Using Lcode analysis and graph model generation results, a modular VLIW processor can be composed: for a target application, we construct its structure with know minimum need hardware resources and describe it in VHDL language (see section 3). It is noted that the VLIW processor is totally customizable and optimal for target application: number of functional units, operation types and used registers are just minimum necessary for give algorithm. Different pipelined levels of VLIW processors in order to control execution-time scheduling has been described in VHDL code and implemented onto an FPGA. All generated VHDL files for a target application have been synthesized using Xilinx ISE tools [5] to realize hardware implementation.



Figure 2: Operation graph generated by our software tool for the Sobel filter: each operation is realized using two operands from two registers and memorizes the result in a register.

### **3** Experiment results

In order to test and validate our development cycle of rapid prototyping, we have chosen three widely used low-level computer vision algorithms: filter Sobel for performing edge extraction, convolution with a mask of 3X3 and image erode. Our experiment results are obtained using an Intel Pentium 4 computer, with a clock speed of 2.8 GHz. The OpenIMPACT environment was pre-installed with Linux 2.6.22.5 kernel as underlying operating system and target hardware architecture is the Virtex 6-xc6vlx75T.

Figure 3 displays the modular VLIW processor architecture for the Sobel filtering application. In agreement with the Lcode analysis and graph model generation results; this modular VLIW processor is composed of 7 functional units (2 Add, 2 Sub, 2 Abs and 1 Shift left). For example, two operations have been simultaneously realized: Add R0, R6  $\rightarrow$  R0, and Sub R2, R5  $\rightarrow$  R2 at the 6<sup>th</sup> cycle (see Figure 2). We have also generated a VHDL file to perform execution scheduling of the VLIW processor by multiplexer positioning (see slct signals in Figure 3).

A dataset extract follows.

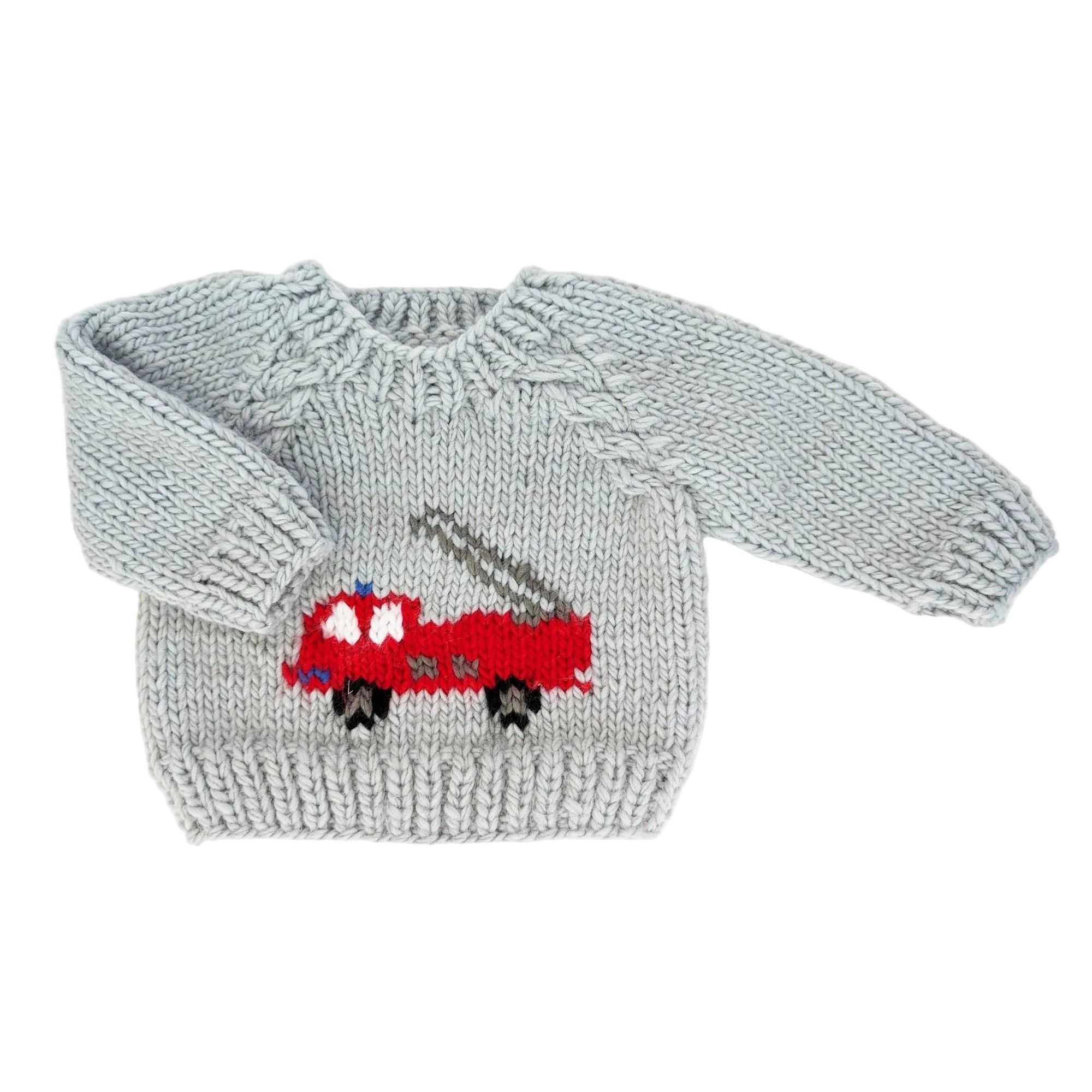 This Ice Grey pullover sweater features a Red fire engine knit on the front, with a softly knit neck for easy wear. Hand-knit with cozy yarn and cable trim raglan sleeves, this sweater is soft and warm, perfect for any little person.

2 arithmetic operators are triggered. The add(2) recuperates first operand (R2) from mux\_add2\_e0 and second (R6) from mux\_add2\_e1 and performs addition operation. The contain result is stored in the register R0. In the same manner, the sub(2) performs subtraction with two operands (R2 and R5) and transfers this subtraction result in the R2 register.

Based on the modular VLIW processor architecture, VHDL description is automatically generated. Synthesis and simulations of all VHDL code for the target algorithm are realized using the Xilink ISE tools. Table 1 shows Lcode analysis and parallelism extraction results for three basic image processing algorithms. Obtained experiments results concerning VHDL code synthesis and hardware simulation are respectively gives in Tables 2, 3 and 4. We can note that an average acceleration of 3X has been obtained for these three basic image processing using our graph model of parallel execution. In general, these algorithms use a small percentage of hardware resources available on FPGA: 0.16% of register Slices, 0.77% of LUT slices, and 73% of Block RAMs. These results have been obtained with an image size of 512x512 pixels and intern Block RAMs of FPGA are used in order to store original and resulting images.

We also made up hardware implementation performances comparisons between the DSP TMS C62 and the FPGA Xlink Virtex 6-xc6vlx75T using proposed application development cycle. These preliminary experiment results illustrate multiple advantages of this co-design tool: better processing speed performances, low level of consumption and more of flexibility using modular processor model.

Tab 1: Lcode analysis and parallelism extraction results.

| Algorithm          | Sobel | Conv. | Erode |
|--------------------|-------|-------|-------|
| Number of          | 27    | 14    | 64    |
| sequential cycle   |       |       |       |
| Number of parallel | 10    | 9     | 14    |
| cycle              |       |       |       |
| Acceleration       | 2.7   | 1.6   | 4.6   |

Tab 2: Hardware implementation results for the Sobelfiltering: Fr = 420 MHz.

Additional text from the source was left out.